Teacher pay joins the election bandwagon
Timing is about action at the moment of least anticipation. Teachers who in the past have studied the machinations of the SJNC in the hope that an extra percentage point can be added to their salaries are not in expectant mood. They are less upset about pay than colleagues in higher education. Knowing the state of local government finances, they are more concerned about keeping a job and seeing their school reasonably staffed than about exceeding the going rate of a 2-3 per cent pay increase.
They are also divided about the value of the negotiating committee and the opposing benefits or shortcomings of a pay review body in whose ultimate decisions the Government would have a major say. The Educational Institute of Scotland likes the SJNC not just because it rules the roost on the teachers’ side: it can also point to past negotiating successes when a mixture of skill and threat has secured a good deal for its members.These occasions, however, appear to belong to EIS history.
The other unions see merit in a review body partly because it would not be the EIS-dominated SJNC and partly because on English evidence a review body delivers the goods at least as well as direct bargaining without the hassle. True, at a time of small annual rises comparisons are in minimal amounts, but the desirability of one mechanism over another is not proven.

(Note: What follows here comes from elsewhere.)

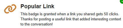 Ah, yes, that one badge otherwise known as Popular Link. Amongst the hall of the most glorious accomplishments that one on The MakeCode Forums could dream to achieve.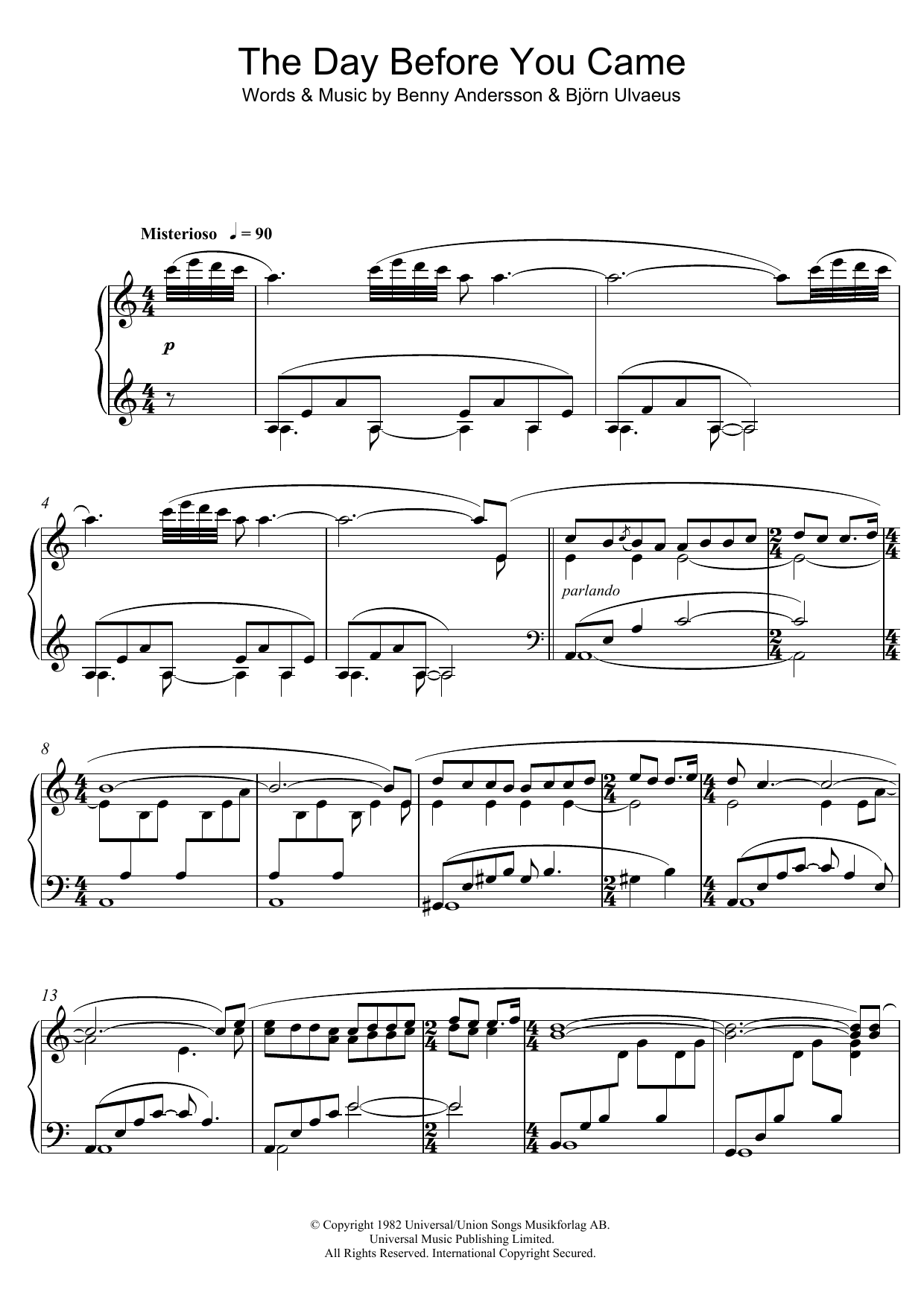 Download or print Benny Andersson The Day Before You Came sheet music, chords and digital score arranged for Piano Solo. This Pop score includes 6 page(s).

Teachers often raise the need for a review body. Mr Forsyth pretended that is what he intends giving them. But he neatly obfuscated the difference between a review following a dispute - Houghton, Clegg and Main - and a permanent body like those which determine the salaries of other professions, including teachers south of the border. The former try to root out anomalies, Clegg’s efforts provoking Margaret Thatcher’s undisguised fury soon after she became Prime Minister. The latter award the going rate and are sensitive to the Treasury.
University teachers, having this week had a long-delayed offer from their employers, are seeking a review body. In the schools the debate about scrapping the SJNC goes on. Labour nationally says it will keep direct bargaining. Some council leaders might welcome its abolition, though not at the price of another Tory government.